### What is expected
Each line below from the line with "Crafted in 10K" to the line with "巻き戻しポタンロック解除レバ" must be copied exactly, including those two, and no picture may appear in the copy.

[Data records]
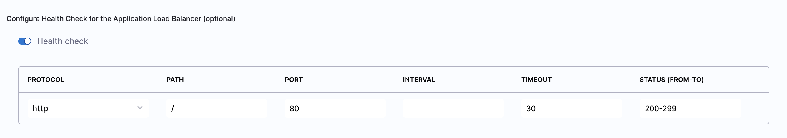 Toggle the Health check button to configure the health check. Health check status should be successful for the AutoStopping rules to come into effect. Set a health check for the underlying application that is running on the cloud resources managed by this AutoStopping rule. The load balancer periodically sends requests as per the settings below to the application. If your application does not support health check or you do not have any application running, you can disable the health check.
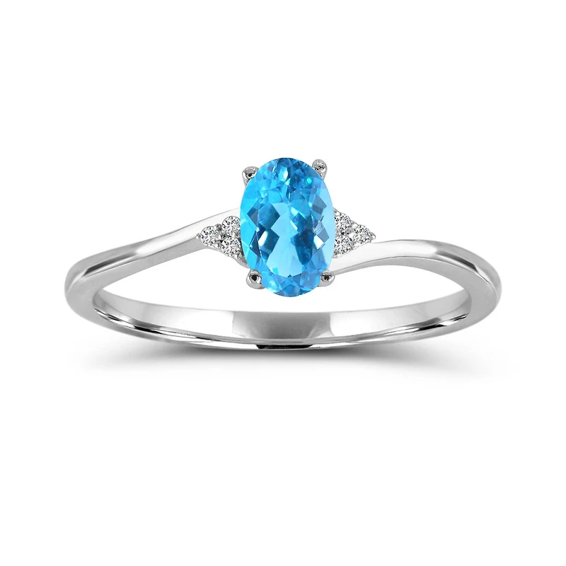 Crafted in 10K white gold, this ring features a vivid blue topaz that captures crisp brilliance and cool elegance. A refined accent of diamonds adds a subtle sparkle, enhancing the gemstone’s icy charm. Sleek and sophisticated, it’s a timeless piece that brings a refreshing touch to any ensemble.
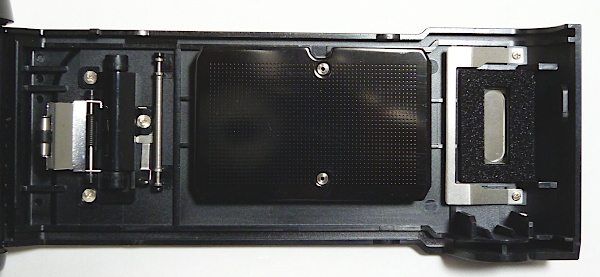 巻き戻しポタンロック解除レバーと巻き戻しポタンの操作でモーターで自動巻戻し(36枚撮りで約26秒) |
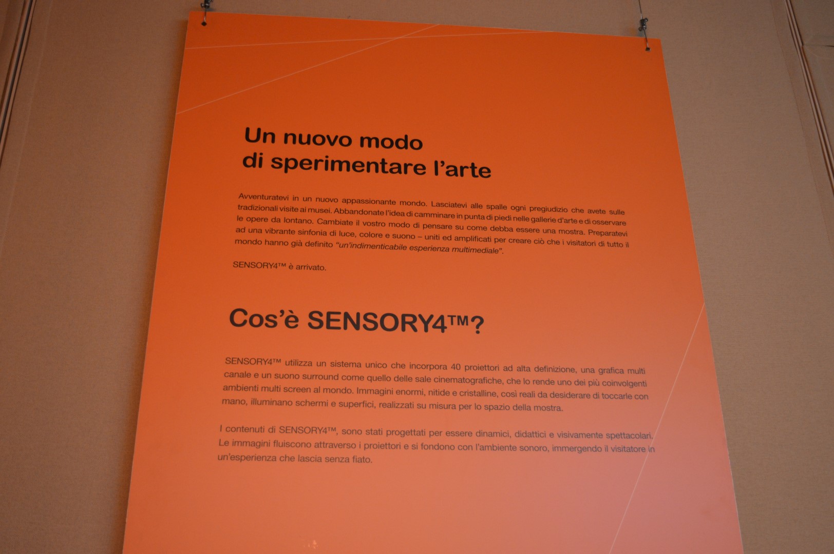 Chiudete gli occhi. Poi apriteli e chiudeteli ancora, ma non per molto. Provate questo esercizio. Una potente colonna sonora, una location particolare e più di 3.000 immagini di grandi dimensioni su schermi, pareti, soffitto, pavimento vi stupiranno. E vi accorgerete di avvertire una sensazione avvolgente.
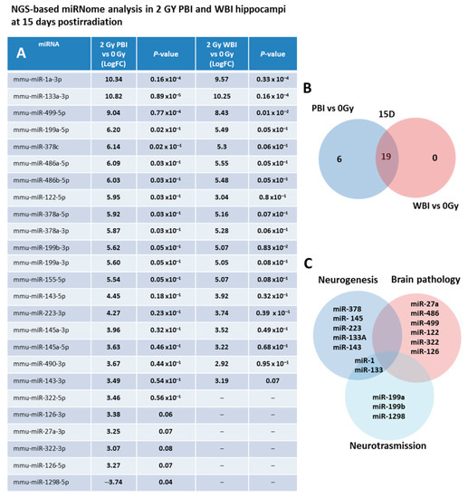 NGS-based miRNAs analysis in 2.0 Gy PBI and WBI hippocampi compared to SI mice at 15 days post-irradiation. (A) A p-value < 0.1 and a FC > 3 was defined as upregulation; p-value < 0.1 and a FC of <3 as downregulation. Samples not meeting the differential expression criteria are in gray. (B) Venn diagram of the significantly deregulated and shared genes in the hippocampus of PBI and WBI mice vs. SI mice. (C) Analysis of miRNA function. Data shown is from n = 3 mice for the SI control, 2 Gy PBI and 2 Gy WBI groups.
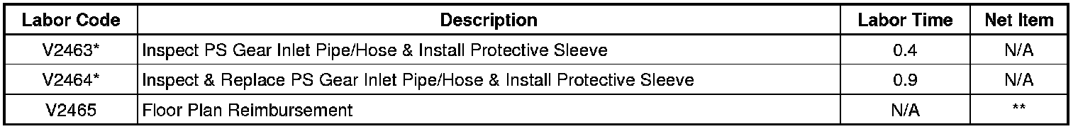 Dealers are to inspect to ensure that the upper power steering hose is routed correctly. If it is not, dealers are to replace the upper power steering hose. Dealers are to also install a protective sleeve around both power steering hoses on all vehicles (regardless of routing) to prevent abrasion of the power steering hoses.

### Response
 Crafted in 10K white gold, this ring features a vivid blue topaz that captures crisp brilliance and cool elegance. A refined accent of diamonds adds a subtle sparkle, enhancing the gemstone’s icy charm. Sleek and sophisticated, it’s a timeless piece that brings a refreshing touch to any ensemble.
 巻き戻しポタンロック解除レバーと巻き戻しポタンの操作でモーターで自動巻戻し(36枚撮りで約26秒) |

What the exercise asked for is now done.